= The task =
All records, exactly as written, minus the pictures: copy them out.

--- START ---

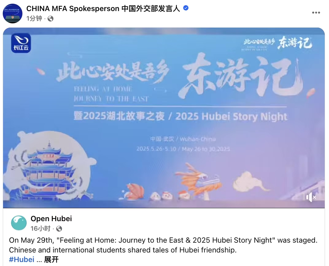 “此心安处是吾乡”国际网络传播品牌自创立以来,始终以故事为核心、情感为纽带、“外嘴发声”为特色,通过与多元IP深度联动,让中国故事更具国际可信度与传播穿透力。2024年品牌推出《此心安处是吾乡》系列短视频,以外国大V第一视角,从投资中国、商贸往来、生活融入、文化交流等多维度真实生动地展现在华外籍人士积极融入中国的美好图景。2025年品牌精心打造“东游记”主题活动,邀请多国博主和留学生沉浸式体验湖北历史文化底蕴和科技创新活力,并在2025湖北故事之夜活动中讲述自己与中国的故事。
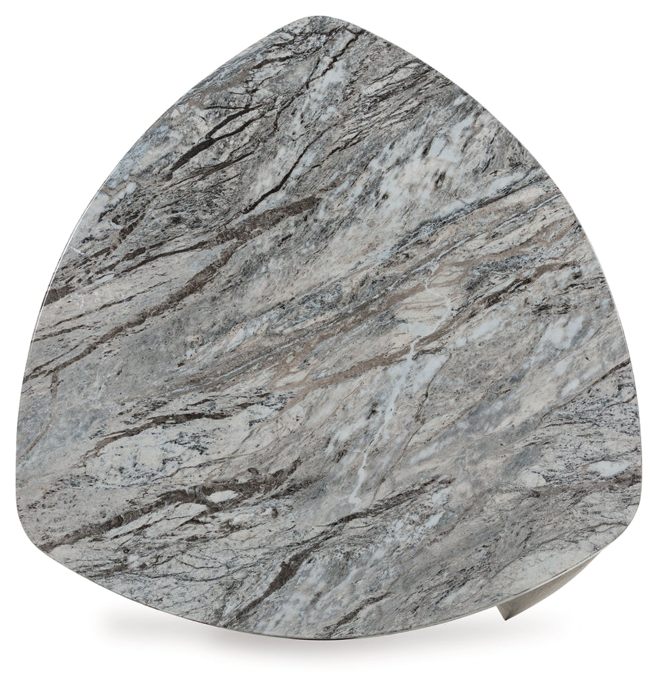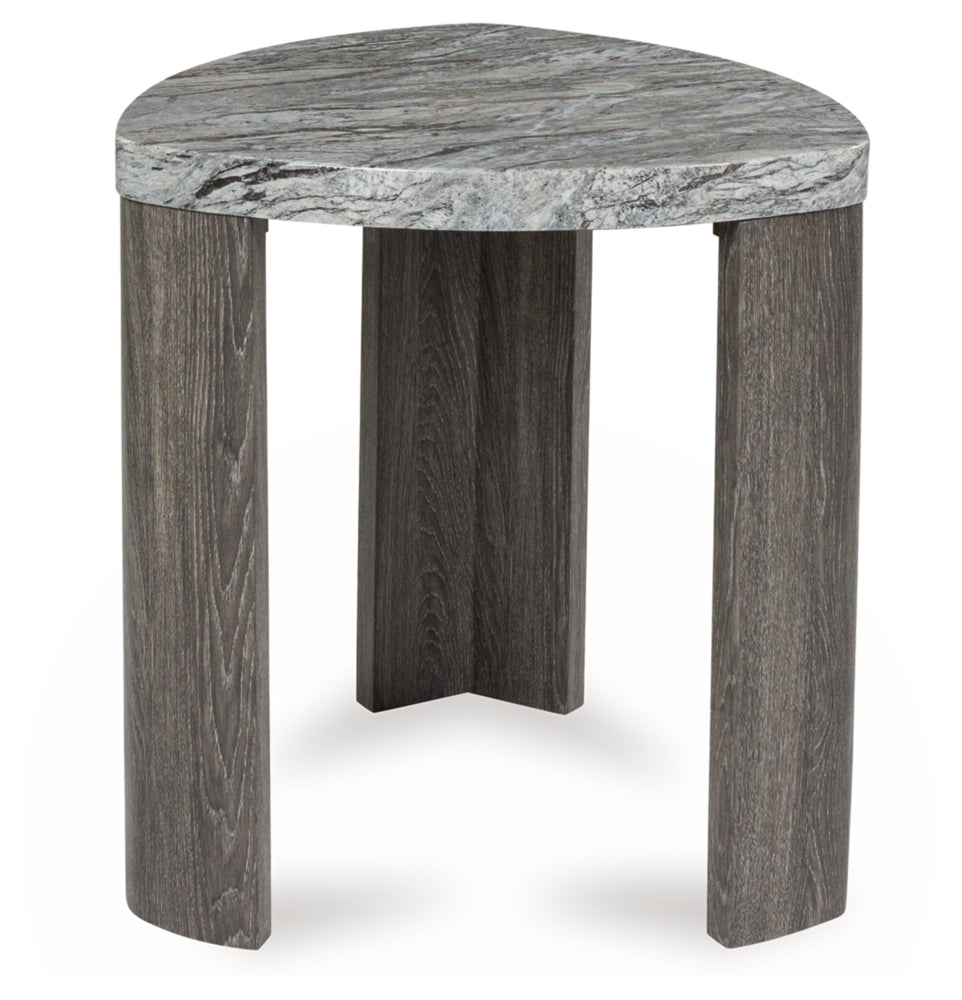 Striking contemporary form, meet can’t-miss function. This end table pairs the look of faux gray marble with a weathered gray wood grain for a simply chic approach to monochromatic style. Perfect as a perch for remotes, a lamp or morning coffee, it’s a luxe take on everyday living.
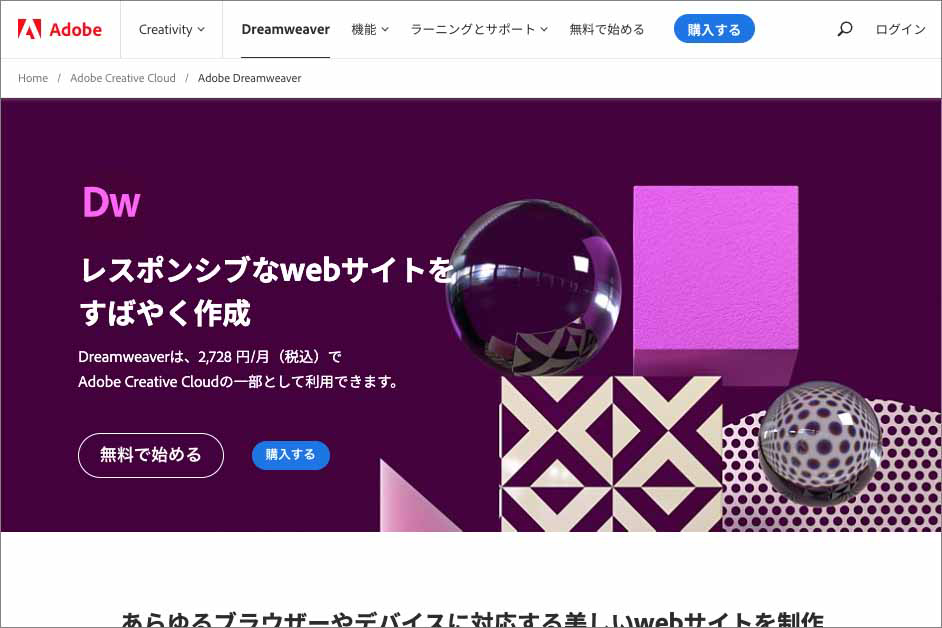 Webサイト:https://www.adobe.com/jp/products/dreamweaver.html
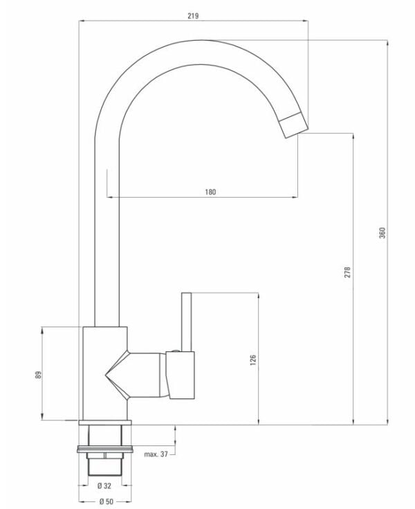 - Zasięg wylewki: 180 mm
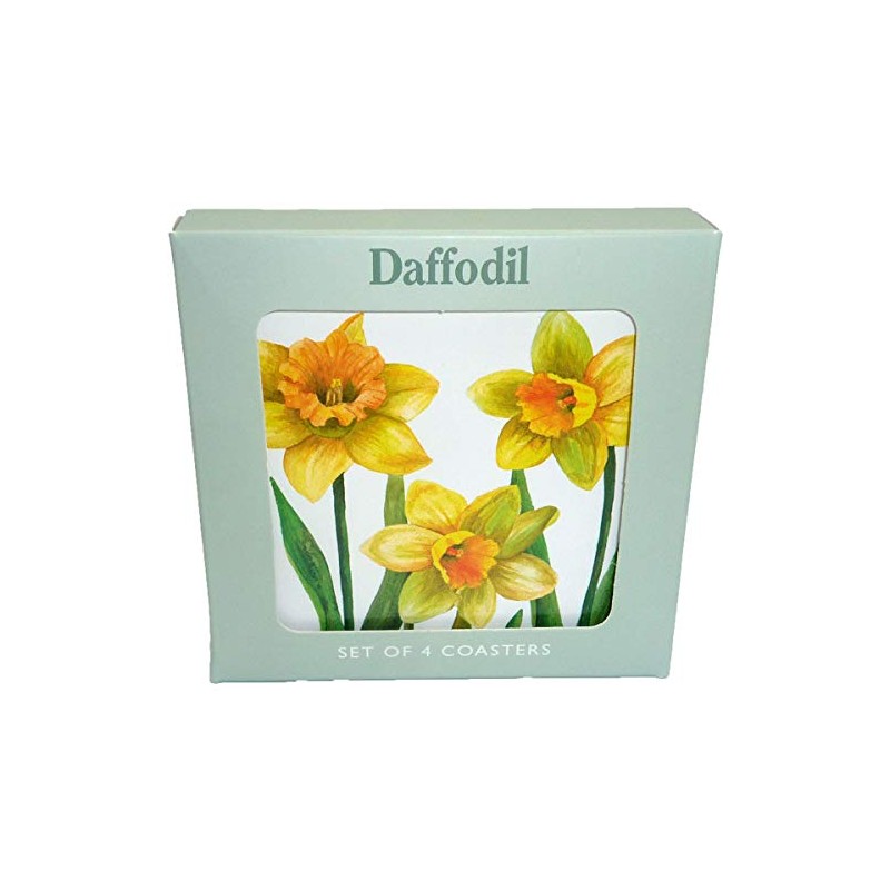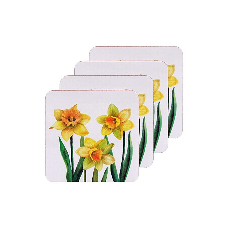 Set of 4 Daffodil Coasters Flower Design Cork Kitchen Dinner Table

--- END ---

= Solution below =
 “此心安处是吾乡”国际网络传播品牌自创立以来,始终以故事为核心、情感为纽带、“外嘴发声”为特色,通过与多元IP深度联动,让中国故事更具国际可信度与传播穿透力。2024年品牌推出《此心安处是吾乡》系列短视频,以外国大V第一视角,从投资中国、商贸往来、生活融入、文化交流等多维度真实生动地展现在华外籍人士积极融入中国的美好图景。2025年品牌精心打造“东游记”主题活动,邀请多国博主和留学生沉浸式体验湖北历史文化底蕴和科技创新活力,并在2025湖北故事之夜活动中讲述自己与中国的故事。
 Striking contemporary form, meet can’t-miss function. This end table pairs the look of faux gray marble with a weathered gray wood grain for a simply chic approach to monochromatic style. Perfect as a perch for remotes, a lamp or morning coffee, it’s a luxe take on everyday living.
 Webサイト:https://www.adobe.com/jp/products/dreamweaver.html
 - Zasięg wylewki: 180 mm
 Set of 4 Daffodil Coasters Flower Design Cork Kitchen Dinner Table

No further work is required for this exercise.